|  | 2025–26 William & Mary Tribe women's basketball team |
- University: College of William & Mary
- Head coach: Erin Dickerson Davis (3rd season)
- Location: Williamsburg, Virginia
- Arena: Kaplan Arena (capacity: 11,300)
- Conference: Coastal Athletic Association
- Nickname: Tribe
- Colors: Green and Gold

NCAA Division I tournament appearances
- 2025

Conference tournament champions
- 2025

Uniforms
| Home | Away |

= William & Mary Tribe women's basketball =

American women's college basketball team

The William & Mary Tribe women's basketball team represents the College of William & Mary in Williamsburg, Virginia in NCAA Division I competition. The school's team competes in the Coastal Athletic Association and play their home games in Kaplan Arena.

==History==
William & Mary began play in 1919, with NCAA Division I play beginning in 1984. The Tribe reached the CAA tournament final in 1993 but lost to Old Dominion. Their first postseason tournament appearance came in the 2015 Women's Basketball Invitational, where they lost 57–56 in the first round to the Xavier Musketeers.

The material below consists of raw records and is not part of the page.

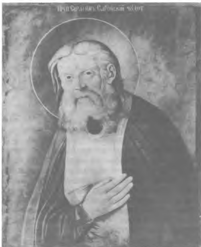
Икона прп. Серафима, принадлежавшая о. Тихону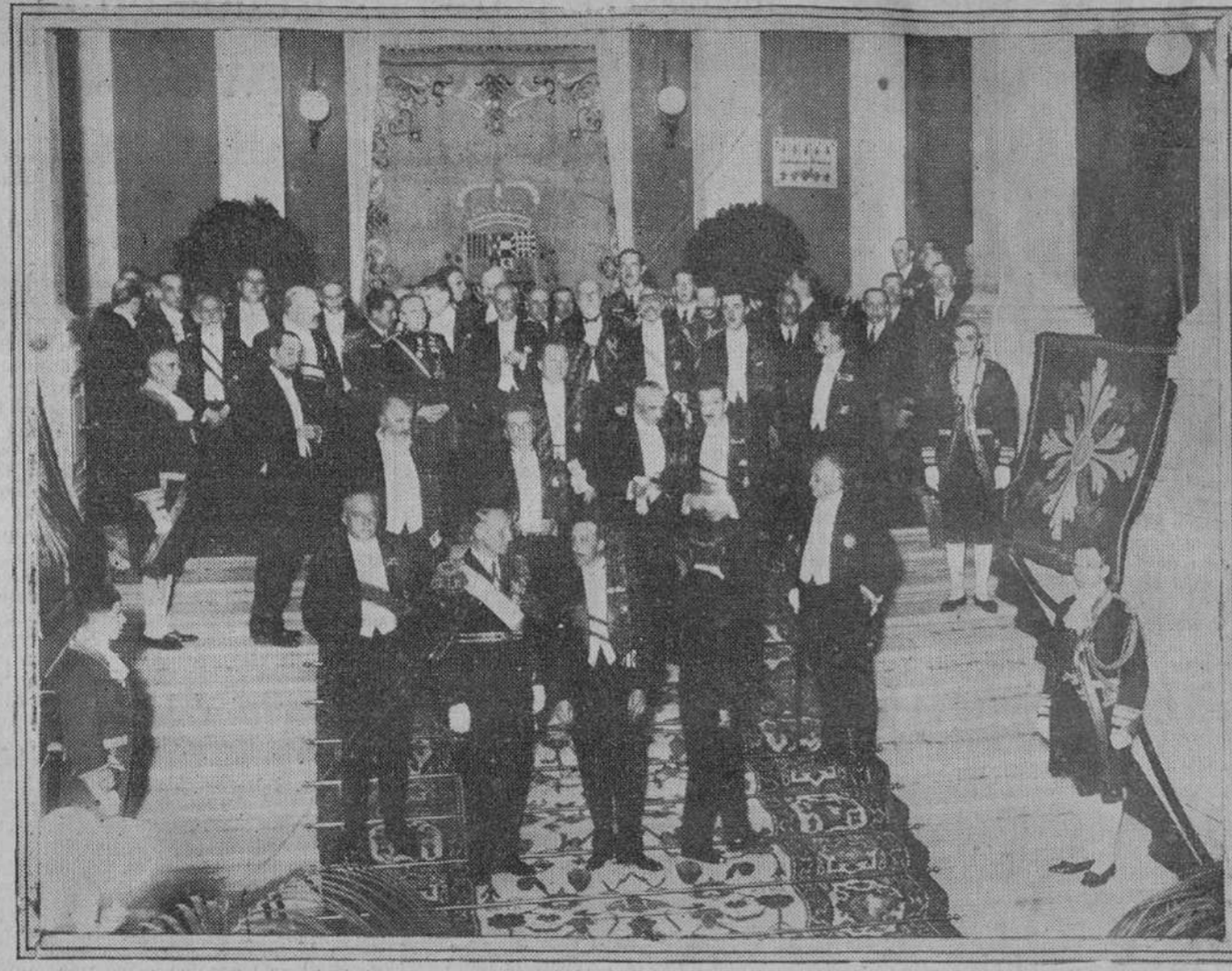
El Rey, el infante don Alfonso y el presidente del Consejo, con los asistentes a la comida de anteañoche en el ministerio de Estado, ofrecida por el Gobierno a los delegados en el Congreso Iberoamericano de Aeronáutica.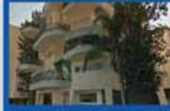
4 חדרים בכרץ עורפית, 95 מ"ר, מעלית וחניה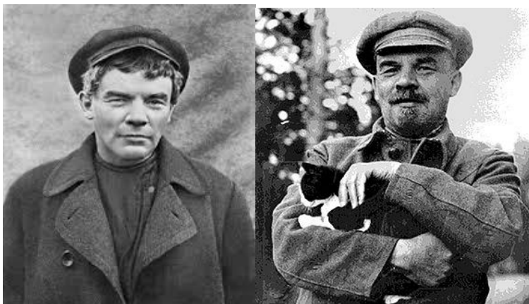
Vladímir Ilich Ulíanov.

La gorra del hombre del primer plano y su largo sobretodo u overol, recuerda mucho a la utilizada por Lenin en innumerables fotografías o grabados que eran de circulación común por aquella época. Intentando – nuevamente- emplear la imagen como evidencia inapelable, por su similitud, no por verosimilitud- con la presencia de marxistas: uno de los suyos estaba ahí. Aquí tienen la foto: es su misma gorra.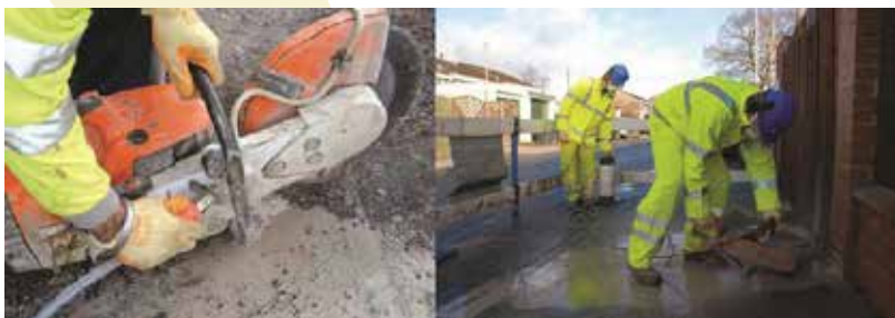
1. ábra Vízpermetező rendszer (forrás: HSE, Nagy-Britannia)

A helyszíni ellenőrzés során a munkavédelmi ellenőrzést végző szakembernek meg kell vizsgálnia milyen megfelelő intézkedést szükséges hoznia a nemzeti jogszabályokkal és szabályozási kerettel összhangban, amennyiben az alábbiakat figyeli meg: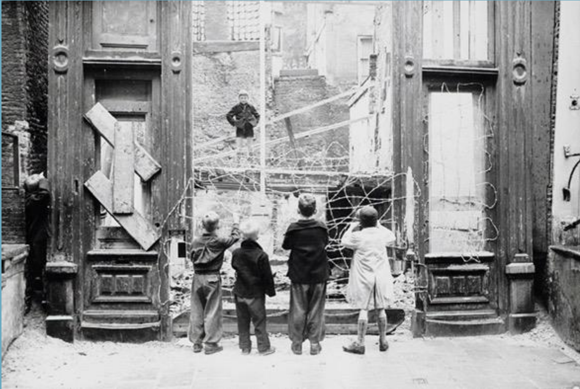
1955 Nieuwe Leliestraat (foto: dpgmedia).

In 1950 nam de gemeente een voorbereidingsbesluit dat bouwen in de Jordaan verbod vanwege een saneringsplan dat in de maak was. Sanering, afgeleid van het woord 'sanitas' = gezondheid, betekende in die dagen overigens gewoon slopen.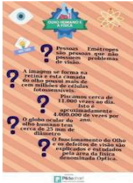
Figura 3- Infográfico sobre o olho humano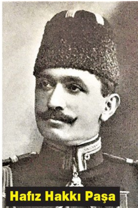
Hafız Hakkı Paşa

In 2025, as the #9 seed in the CAA tournament, the Tribe reached the tournament final for the first time since 1993, going on to defeat Campbell, 66–63, to win their first-ever conference tournament championship. This also gave them the automatic berth into the 2025 NCAA tournament, their first-ever appearance, and the first overall NCAA tournament appearance in school history for either the men's or women's teams. Entering the NCAA tournament as one of the four lowest-ranked overall teams, the Tribe were matched up against Big South champion High Point in the First Four. Subsequently, on March 20, they defeated High Point 69–63, recording the first men's or women's March Madness win in school history, and advancing to the main field of 64. The Tribe then lost their Round of 64 matchup to #1 seed Texas 105–61, ending their March Madness run.

As of the end of the 2024–25 season, the Tribe have an all-time record of 767–1,050–9.

==Postseason history==
===NCAA tournament===
William & Mary has appeared in the NCAA Division I women's basketball tournament one time, with a combined record of 1–1.

| Year | Seed | Round | Opponent | Result |
|---|---|---|---|---|
| 2025 | 16 | First Four First Round | (16) High Point (1) Texas | W 69–63 L 61–105 |

===WBI===
The Tribe have appeared in one Women's Basketball Invitational (WBI). Their record is 0–1.